Required work: Pictures are to be left out, and only the lines from the one containing "These sound very" through the last line of the data are to be returned exactly.

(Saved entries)
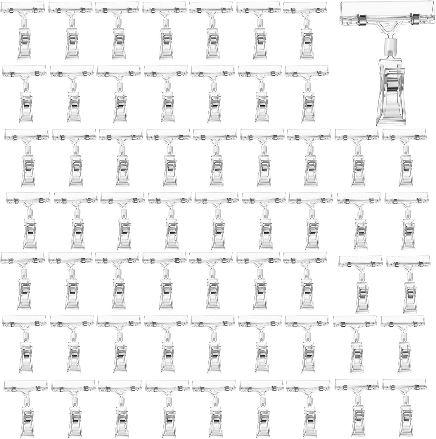 - Great Value: This package includes 60 packs of clear sign holder clips, providing enough clips for your daily use and replacement needs. You can combine these clip-on signs with any sale sign or other sign cards offered by supply stores, shopping malls, supermarkets, fruit shops, and retail stores to attract customers. Elevate your merchandising game and create an organized, professional display with these versatile sign clips.
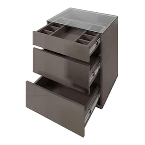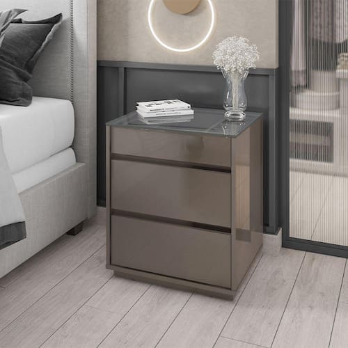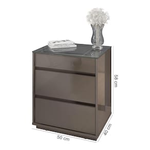 Características: Estrutura em MDF/MDP Pintura com acabamento Print Wood Atóxico Bordas com acabamento Soft PU 03 Gavetas com corrediças telescópicas sendo 01 com organizador interno para joias Tampo de vidro Pés em rodapé
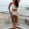 Abito lungo crochet bianco con spacco elasticizzato, cintura compresa nell abito.Stupendo sia di giorno sia di sera, sia come copri costume
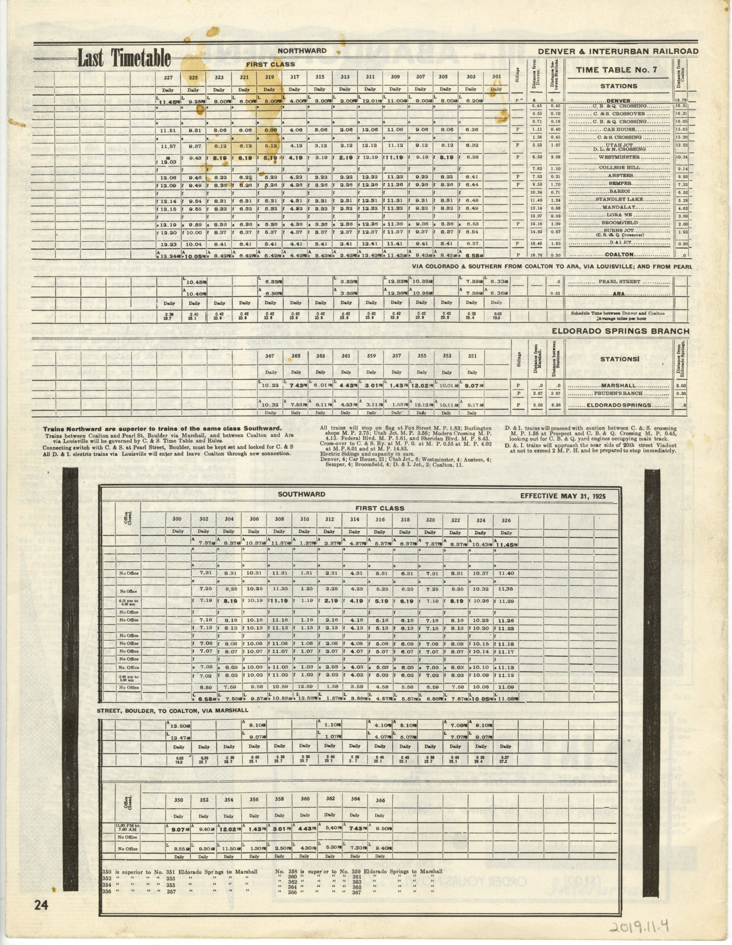 A national periodical published in October 1947 and sold for the price of one US Dollar. Approx 24 pages. Has info on the constuction, operation, and abandonment of the Denver and Interurban Railroad. Contruction: story of building the line, the equipment used, a maps trolley sections, shops and barns, cars, and a newspaper account of the opening. The section labelled "Cars" has a rectangle cut out of the middle of the page for an unknown reason. Operation: description deaturing the "Whiteford Photos". Abandonment: description deaturing the last timetable for the railroad. There's what seem to be coffee stains on the upper left corner of both the front and the back of the periodical.Collection
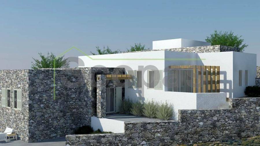 House for sale in southern Antiparos, in the area of Agios Giorgios. Luxurious villa of 340m2 under construction, in a complex of 2 residences. The plans are for a house in levels with 5 bedrooms and bathrooms, a living room, kitchen, verandahs, basement, and a private swimming pool overlooking the sea. It is being sold as a completed construction. With a view of the sea and the island of Despotiko and very close to the beach, it is an ideal choice for a holiday home but also as an investment. Southwestern orientation with a 120-degree view of the sea and the island of Despotiko. All networks are connected. Access by dirt road. 10 km from the port of Antiparos 750 m from Agios Georgios Beach 500 meters from the sea
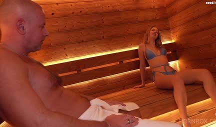Мужик с большим членом классно трахает молодую сучку в сауне
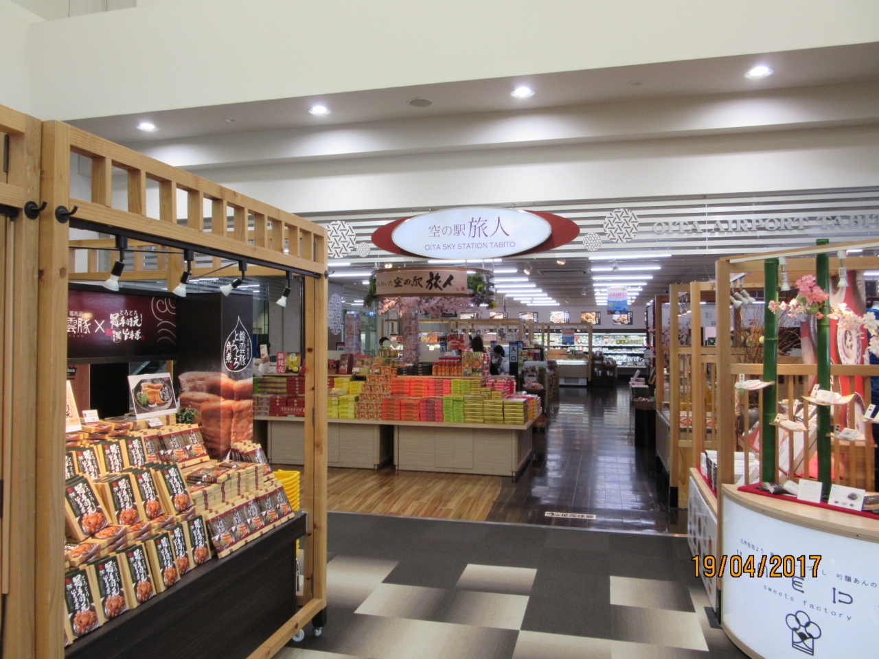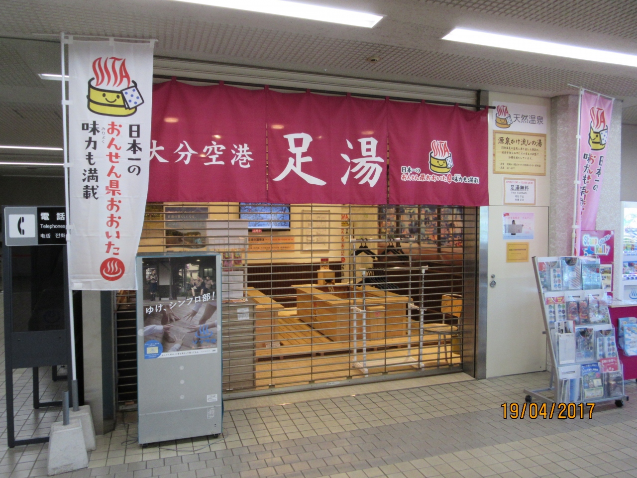 羽田空港から約1時間40分。3階建てで1階が到着とコンビニ、2階が出発と大きな土産店が一つ、3階がレストランと展望フロアであった。特徴的だったのは1階に無料足湯(11時~18時30分)があり、さすが温泉県だなーと思った。国際線ビルもありソウル行一日1便運航、ジェットスターの成田行きが1日3便運航していた。
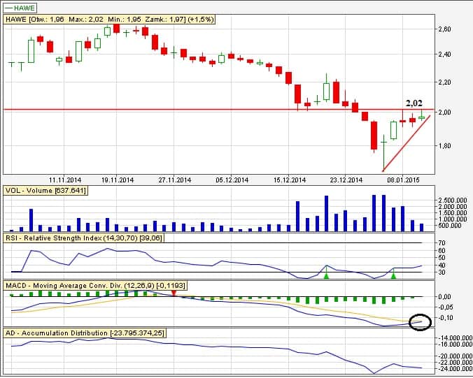 Również wiele innych spółek wzrosło w tym tygodniu, jednak obszerniejsze podsumowanie zrobimy jak zwykle po jakimś czasie. Przejdźmy do jednej z najbardziej szumnych spółek jaką jest Hawe. Wczoraj wzrosty sięgały nawet +13,4%, żeby skończyć “jedynie” na +1,55%. Spółka “popularność” zyskała pod koniec 2011 roku, gdy wzrosła z 2 złotych do 6,40 zł w kilka miesięcy. Później nadzieje inwestorów ponownie rozpaliła zwyżka w 2013 roku z 2,20 zł do 4 zł w … miesiąc! Od tego czasu inwestorzy – pamiętając wspomniane okresy – szukają nagminnie dołków, które dadzą ponownie zyskać spore procenty. Momentów potencjalnych zmian trendu było dużo i pisaliśmy o nich. Zawsze jednak pisaliśmy, że trzeba poczekać na potwierdzenie, gdyż z trendem spadkowym się nie dyskutuje. Notorycznie pisaliśmy również, że jest tyle innych spółek na GPW (równo 471!), że na razie polecamy darować sobie inwestycję.
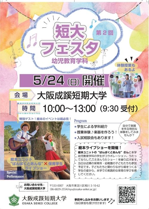 5月24日(日)に、大阪成蹊短期大学の魅力がたくさん詰まった「短大フェスタ」を開催します。 各学科では、それぞれの学びの特徴を活かしたさまざまなイベントを実施します。
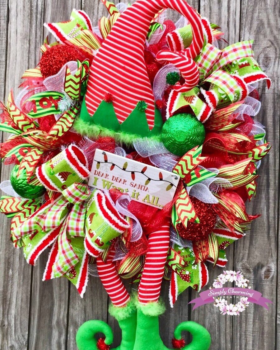 This whimsical elf wreath is designed with deco mesh, ribbon streamers and beautiful handmade bows that are placed throughout in multiple color coordinating ribbon patterns and sizes. Accented with red and green shatter proof ornaments in varies sizes and patterns and the main attraction is a adorable Elf hat and legs in red and green. Also a sign in matching colors of red and green was added with the saying " Dear Santa I want it all " It adds just the right playful touch to bring back childhood memories and bring a smile to your face.
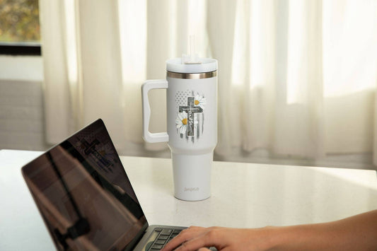 Faith Cross Daisies 40oz Tumbler w/ Handle
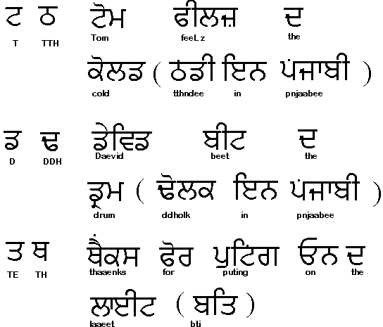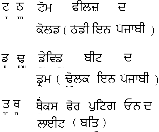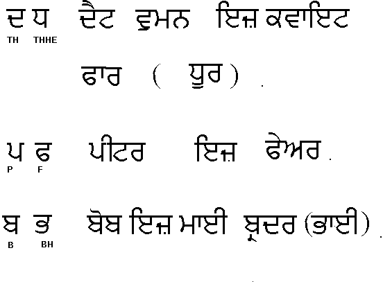 These sound very similar , the second one in each series usually does not have a countepart in English so the equivalent Punjabi word is given in brackets. The second sound in each case is sounded from the chest.
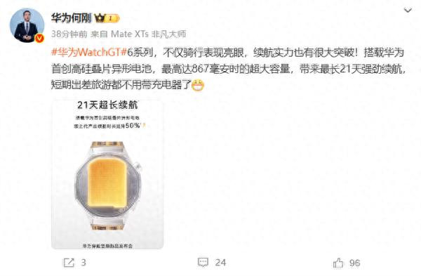 华为WATCH GT 6系列将搭载华为首创高硅叠片异形电池,电池容量提升65%,最高达867mAh,实现21天超长续航,较上代产品续航时长提升50%。
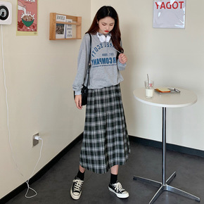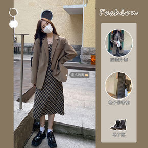 法式中长款连衣裙女春秋装2022年新款时尚百褶格子...

Answer to this task:
 These sound very similar , the second one in each series usually does not have a countepart in English so the equivalent Punjabi word is given in brackets. The second sound in each case is sounded from the chest.
 华为WATCH GT 6系列将搭载华为首创高硅叠片异形电池,电池容量提升65%,最高达867mAh,实现21天超长续航,较上代产品续航时长提升50%。
 法式中长款连衣裙女春秋装2022年新款时尚百褶格子...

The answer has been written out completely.